Diesel generator sets remain a primary source of electricity in many remote and isolated areas due to their robustness, dispatchability, and ease of deployment. But their high fuel consumption and emissions of pollutants pose economic challenges and environmental concerns, especially in regions with high fuel transportation costs. Improving the efficiency of diesel-based power generation is essential for enhancing the sustainability and reliability of off-grid energy systems.
Pneumatic hybridization of diesel engines is a promising method of enhancing brake thermal efficiency and specific power output. In this approach, compressed air is used to assist the intake process and modify in-cylinder thermodynamic conditions, potentially improving combustion efficiency while reducing fuel consumption and emissions.
This study proposes a data-efficient optimization framework combining Diesel-RK engine-cycle simulation with Bayesian optimization. The Diesel-RK model is treated as a computational black-box function that maps controllable engine operating variables to performance and emissions-related outputs. The optimization problem is formulated with multiple objectives, including maximizing brake thermal efficiency and minimizing brake-specific fuel consumption, while satisfying operational constraints, such as the required electrical power output and the allowable peak in-cylinder pressure.

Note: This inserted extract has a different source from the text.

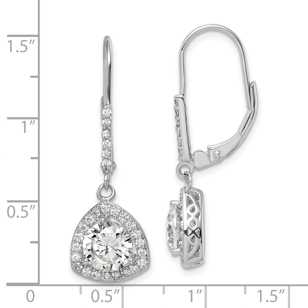 Sterling Silver Rhodium-plated Polished CZ Leverback Earrings

Bayesian optimization is particularly suited to optimization problems involving computationally expensive black-box models such as Diesel-RK engine simulations. In contrast, widely used population-based metaheuristic algorithms, including genetic algorithms, particle swarm optimization, and differential evolution, typically rely on large populations of candidate solutions and repeated generations of objective function evaluations to converge toward optimal solutions. When each evaluation requires a detailed engine-cycle simulation, these methods can result in high computational costs. Bayesian optimization constructs a probabilistic surrogate model of the objective function using a Gaussian process. In addition, it guides the search using an acquisition function that balances exploration of the design space and exploitation of promising operating regions. This surrogate-based strategy allows for efficient identification of candidate optimal solutions while significantly reducing the number of expensive simulation evaluations.
The proposed framework aims to determine optimal operating conditions for pneumatic-hybrid diesel generators for remote power applications. The analysis will quantify the influence of pneumatic assistance on brake thermal efficiency, fuel consumption, and emissions indicators, including nitrogen oxides and soot formation. In addition, the study will evaluate the computational efficiency of Bayesian optimization relative to conventional metaheuristic methods, focusing on convergence behavior and the number of required simulation evaluations.
The proposed methodology provides a systematic framework for optimizing pneumatic-hybrid diesel generators used in remote and off-grid energy systems, aiming to improve fuel efficiency, reduce operating costs, and mitigate environmental impacts associated with diesel-based electricity generation.